Assignment =>
Omit all pictures. Quote only the lines from the one with "One 28.57ct Ruby" through the end of the material below.

Material provided =>
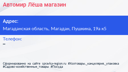 Автомир Лёша, магазин по адресу Магаданская область, Магадан, Пушкина, 19а к5 в дальнейшем Организация, размещена в следующих категориях:
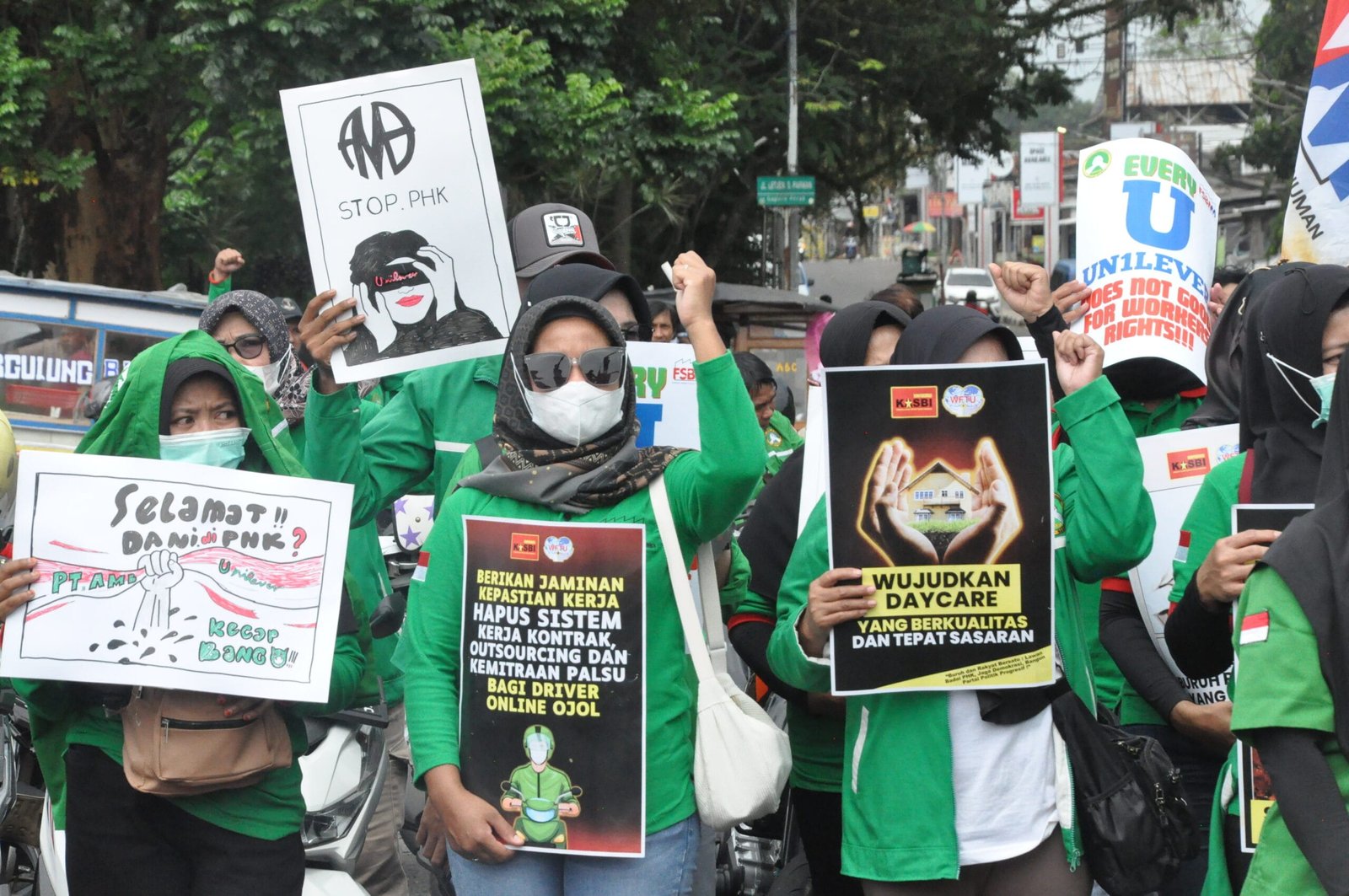 Sambil membawa spanduk dan poster yang berisi tuntutan peningkatan kesejahteraan dan penolakan terhadap sistem kerja kontrak dan outsourcing, mereka meminta Pemerintah segera menyelesaikan Raperda Ketenagakerjaan.
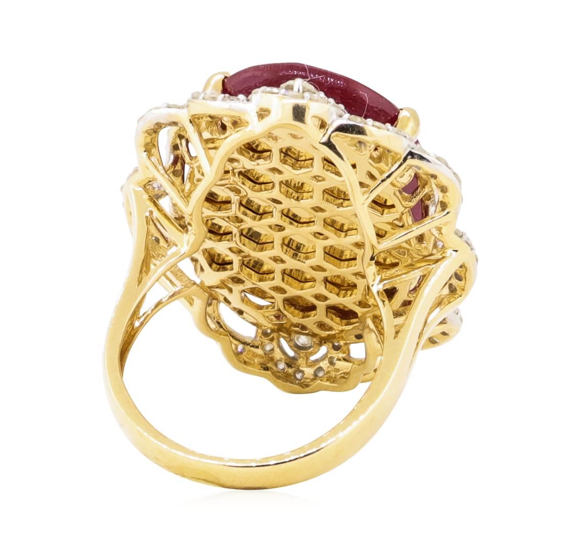 One 28.57ct Ruby and Diamond Ring - 14KT Yellow Gold. AIG certified. See Appraisal for more details. AIG Appraised.
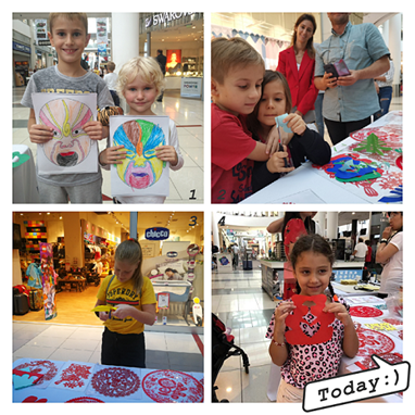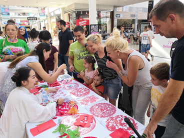 其中,展台部分分为剪纸、书法、筷子游戏和服装试穿等项目,每个展台分为两个环节——展示环节和体验环节。在剪纸展台,孔院教师向当地民众展示了不同样式的剪纸,并且介绍了每种样式的寓意,以及中国的风俗习惯等。当地民众热情很高,对剪纸充满了兴趣。

Output of the task =>
 One 28.57ct Ruby and Diamond Ring - 14KT Yellow Gold. AIG certified. See Appraisal for more details. AIG Appraised.
 其中,展台部分分为剪纸、书法、筷子游戏和服装试穿等项目,每个展台分为两个环节——展示环节和体验环节。在剪纸展台,孔院教师向当地民众展示了不同样式的剪纸,并且介绍了每种样式的寓意,以及中国的风俗习惯等。当地民众热情很高,对剪纸充满了兴趣。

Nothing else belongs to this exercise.